Bergslagstroll said:
Ok I understand you can have a valide point, I don't know how many neutral observer it was. Still the BBC don't write about any big frauds in there analyzis of the referendum.
http://news.bbc.co.uk/2/hi/americas/3247816.stm
But I guess it is very hard to convince you.
My personally stand point is that he his democratic election and I hope he will suceed to create a more democratic and equal venezuela. But of course there is a risk that either his govermenent or the opposition goes to far. Therefore is it necessiray with accurate and non hatred critizism of both his goverment and the opposition. Because Chaves has done alot of good for venezeul at the same time some of his action is questionable. At the same time you can questions the integregrity of the opposition and how democratic there are.
Also it is important to remember how Venezuela was then Chavez toke over. There a majority of people lived in poverty and many ther illitare. There only around 30 percent went to vote compared to todays number. And yes there are alot more today and maybee he will not suceed but atleast he have given hope to the people.
Frankly, I am not impressed with the European Media's coverage of human rights violations in Latin America. That includes the BBC. It took Europe 45 years to condemn Fidel Castro as the worst dictator in our hemisphere's history.
The European media likes to concentrate only on human rights violators who are right-wing, but totally ignore those on the left side of the spectrum. It has always been that way.
While the Colombian paramilitaries are condemned on a daily basis (and rightly so) rarely do you read editorials in the leading European newspapers about the F.A.R.C.,..... the bloodiest terrorist group in the Americas, with a 50-year record of violence during which it has killed more than 50,000 civilans, kidnapped tens of thousands of children, and displaced more than 5 million.
The FARC has links with Basque Fatherland & Liberty (ETA), a Spanish terrorist organization, and has enlisted the help of Irish Republican Army explosives experts (based in Havana) in making gas cylinder bombs and anti-personnel mines that have killed and maimed thousands. Outside of Colombia, the FARC trades drugs for guns with terrorist operatives from the Middle East operating in South America.
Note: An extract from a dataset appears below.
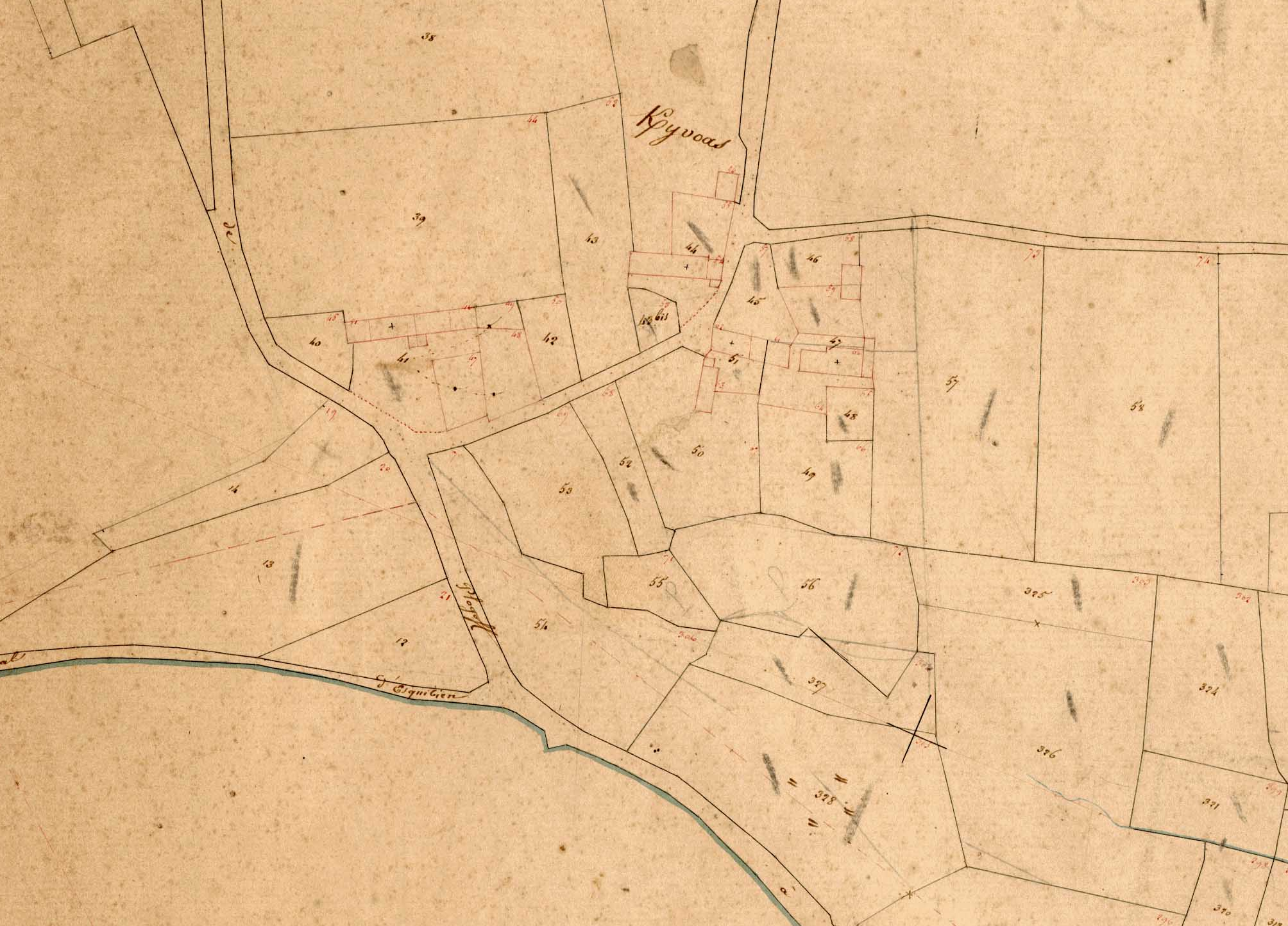 Village de Kerivoas, cadastre ancien de la commune d'Audierne, 1837.Immatriculation

Indeed, members of the F.A.R.C. and the smaller, but not less deadly E.L.N. have been received in European capitals as "noble warriors".....and provided with moral and financial support. France and Sweden have objected to including them in the EU list of terrorist organizations believing that these groups could be enticed into another unproductive peace process.
The European double standard that..... applauds an indictment of Pinochet (rightly so) for human rights abuses and ignores Castro (who has committed a thousand times the atrocities of the former) is not lost on the millions of us who have suffered at the hands of Caudillos and marxist dictators and terrorists.
So, forgive me if it's very hard to convince me using the BBC as reference.
Closing our eyes to what Chavez is systematically doing in his country....and playing "ostrich"...is not going to make the problem go away. "Hoping" for a democratic and equal Venezuela has to be accompanied by asking hard questions, reporting facts rather than opinions, and making Fidel's Mini-Me accountable to the International community for what he's doing to his people.
Anyone who has kept his eyes open can clearly see that in fact, recent events prove Chávez is consolidating an authoritarian revolution.
Last December, government prosecutors charged political activist Maria Corina Machado with treason for providing technical advice for a petition drive that led to the August 15 referendum on Chávez’s rule. (Where are your "neutral observers" now?) Meanwhile, Chávez enacted a law permitting the state to close private media for vaguely defined offenses against public order. The government also has new authority to jail street protesters now reportedly with the help of Cuban police who can search Venezuelan homes and help with arrests.